TASK GOAL: Write out every entry below exactly as it appears. Pictures do not belong in the copy.

DATA EXTRACTS:
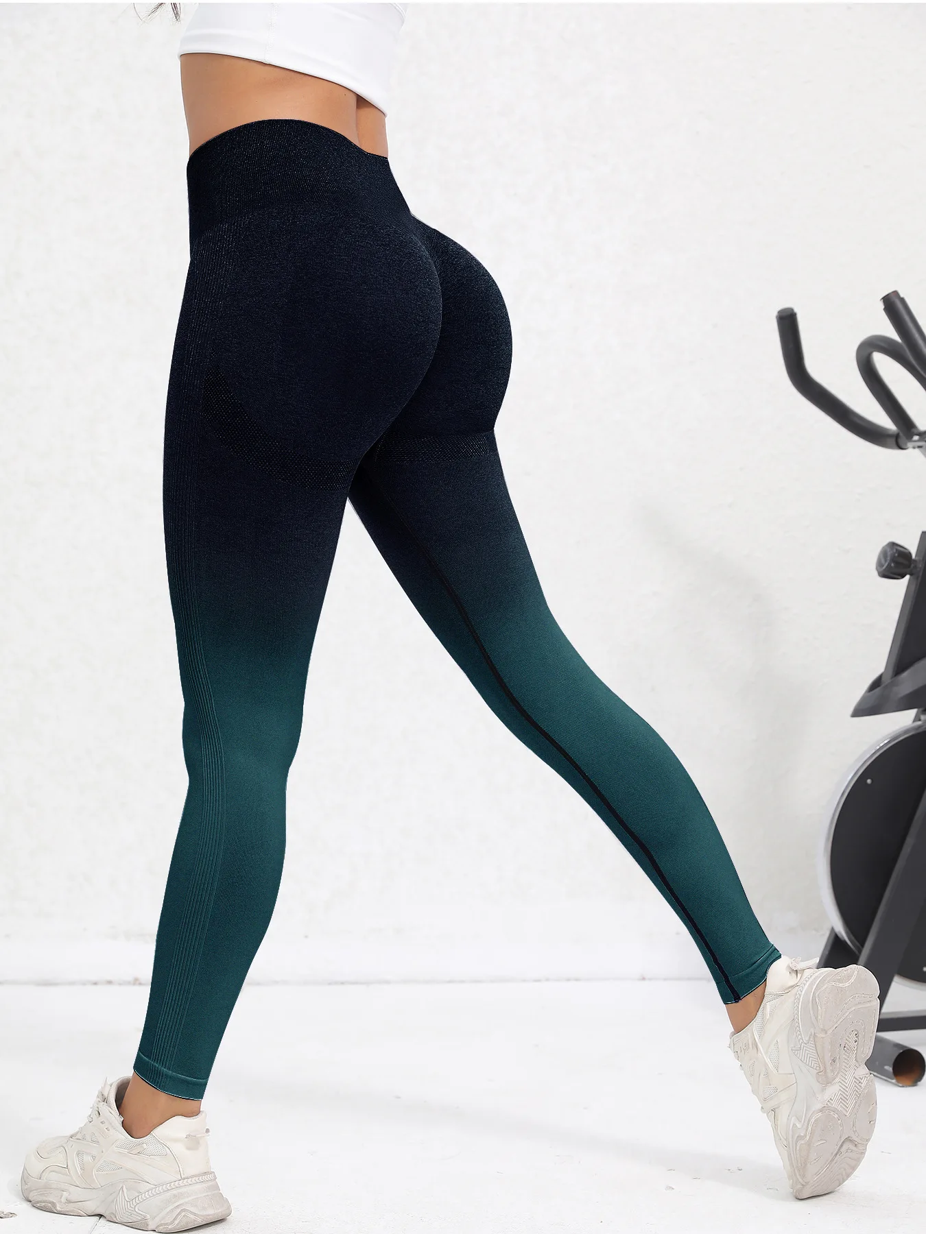 Women Gradients Seamless Leggings High Waist Leggings Slim Hip Liftting Fitness Pants High Elastic Fashion Gym Workout Tights
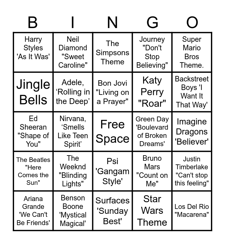 This bingo card has a free space and 29 words: Ariana Grande 'We Can't Be Friends', Carly Rae Jepson "Call Me Maybe", Nirvana, ‘Smells Like Teen Spirit’, Billie Eilish 'Bad Guy', Harry Styles 'As It Was', The Simpsons Theme, Adele, ‘Rolling in the Deep’, The Weeknd "Blinding Lights", Green Day 'Boulevard of Broken Dreams', Benson Boone 'Mystical Magical', Imagine Dragons 'Believer', Los Del Rio "Macarena", Surfaces 'Sunday Best', Star Wars Theme, Backstreet Boys 'I Want It That Way', Queen "We Will Rock You", Psi 'Gangam Style', The Beatles "Here Comes the Sun", Super Mario Bros Theme., Ed Sheeran "Shape of You", Bruno Mars "Count on Me", Taylor Swift "Shake It Off", Katy Perry "Roar", Jingle Bells, Journey "Don't Stop Believing", Neil Diamond "Sweet Caroline", Justin Timberlake "Can't stop this feeling", Bon Jovi "Living on a Prayer" and Smash Mouth "All Star".
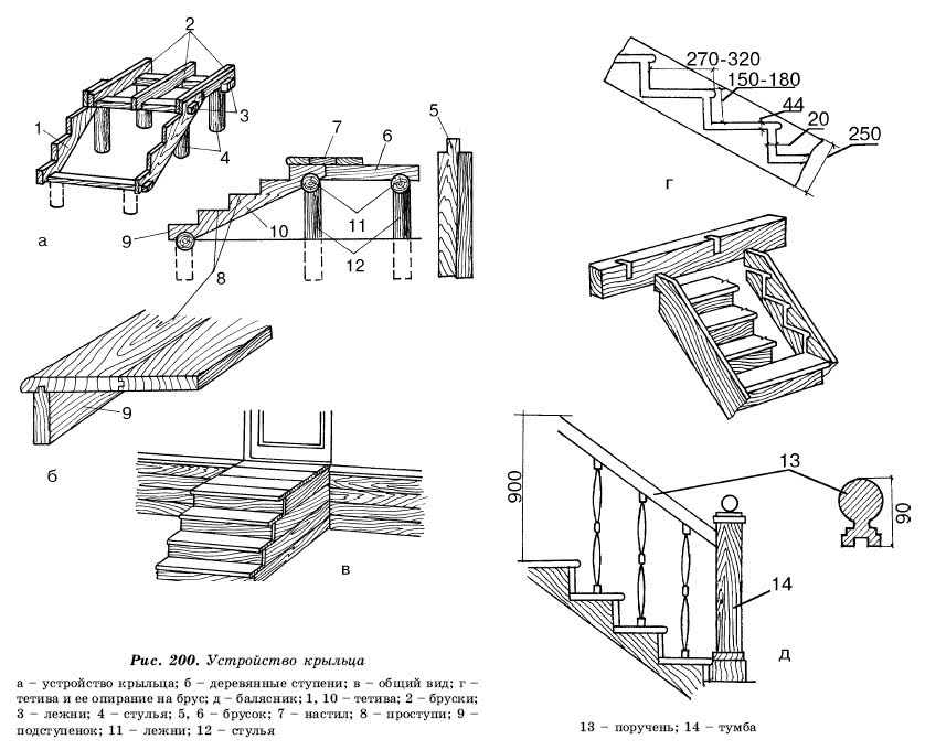 Как сделать лестницу для крыльца: косоуры вырубаются из бревна
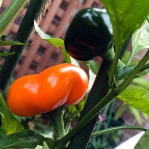 フルーツパプリカが色づいて、季節外れの初収穫❣️ カラーミックスの種から育てたので、何色の株なのかわからずにいたけど、オレンジだったみたい😆
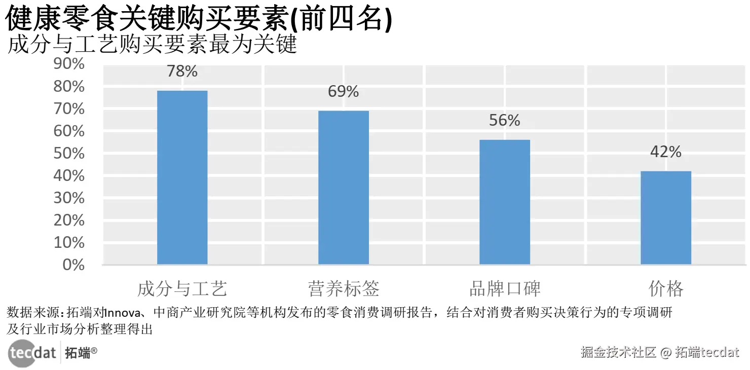 - 关键购买要素:78%优先关注“配料表简洁度+制作工艺(如非油炸)”,69%查看“能量、脂肪、钠含量”等营养数据,56%倾向“有报告背书、评价好的品牌”,42%对比“单价与规格”,性价比仍是重要考量。
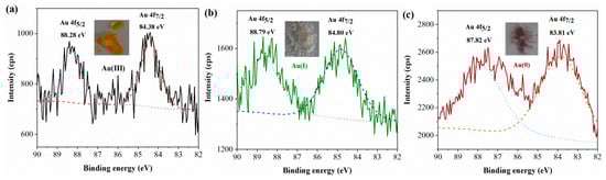 XPS spectra of the Au(4f) region of interaction with bacteria for (a) 0 h; (b) 1 h; and (c) 48 h.
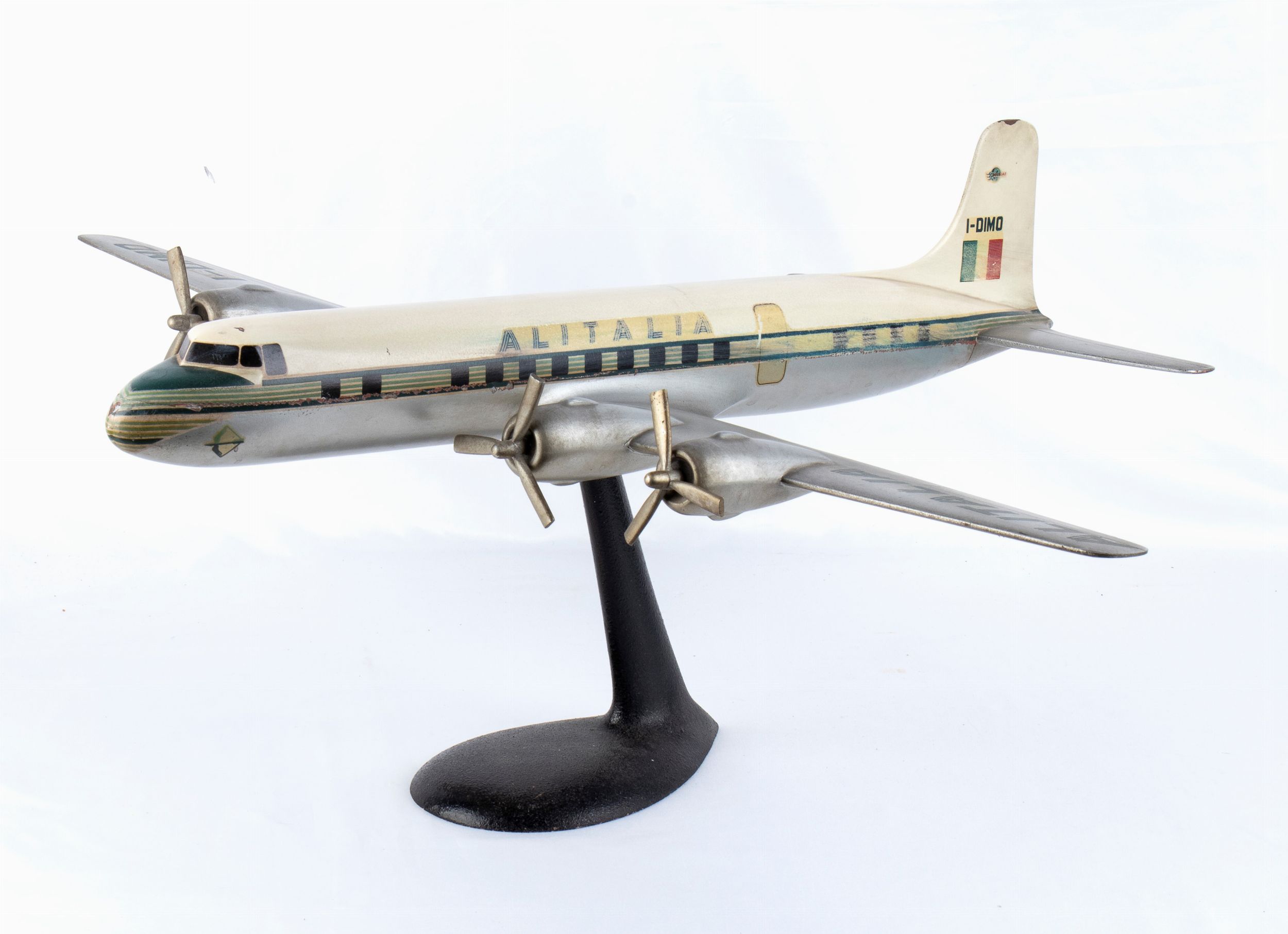 Bellissimo e raro modello di quadrimotore DC-6B con livrea ALITALIA , I-DIMO . Il velivolo entrĂ² in servizio nel 1954 e fu dismesso nel 1961. Il modello è coevo, originale degli anni '950, usato come promozionale dalla ALITALIA stessa, per uffici dirigenziali, o agenzie di viaggio.

RESPONSE AREA:
 Women Gradients Seamless Leggings High Waist Leggings Slim Hip Liftting Fitness Pants High Elastic Fashion Gym Workout Tights
 This bingo card has a free space and 29 words: Ariana Grande 'We Can't Be Friends', Carly Rae Jepson "Call Me Maybe", Nirvana, ‘Smells Like Teen Spirit’, Billie Eilish 'Bad Guy', Harry Styles 'As It Was', The Simpsons Theme, Adele, ‘Rolling in the Deep’, The Weeknd "Blinding Lights", Green Day 'Boulevard of Broken Dreams', Benson Boone 'Mystical Magical', Imagine Dragons 'Believer', Los Del Rio "Macarena", Surfaces 'Sunday Best', Star Wars Theme, Backstreet Boys 'I Want It That Way', Queen "We Will Rock You", Psi 'Gangam Style', The Beatles "Here Comes the Sun", Super Mario Bros Theme., Ed Sheeran "Shape of You", Bruno Mars "Count on Me", Taylor Swift "Shake It Off", Katy Perry "Roar", Jingle Bells, Journey "Don't Stop Believing", Neil Diamond "Sweet Caroline", Justin Timberlake "Can't stop this feeling", Bon Jovi "Living on a Prayer" and Smash Mouth "All Star".
 Как сделать лестницу для крыльца: косоуры вырубаются из бревна
 フルーツパプリカが色づいて、季節外れの初収穫❣️ カラーミックスの種から育てたので、何色の株なのかわからずにいたけど、オレンジだったみたい😆
 - 关键购买要素:78%优先关注“配料表简洁度+制作工艺(如非油炸)”,69%查看“能量、脂肪、钠含量”等营养数据,56%倾向“有报告背书、评价好的品牌”,42%对比“单价与规格”,性价比仍是重要考量。
 XPS spectra of the Au(4f) region of interaction with bacteria for (a) 0 h; (b) 1 h; and (c) 48 h.
 Bellissimo e raro modello di quadrimotore DC-6B con livrea ALITALIA , I-DIMO . Il velivolo entrĂ² in servizio nel 1954 e fu dismesso nel 1961. Il modello è coevo, originale degli anni '950, usato come promozionale dalla ALITALIA stessa, per uffici dirigenziali, o agenzie di viaggio.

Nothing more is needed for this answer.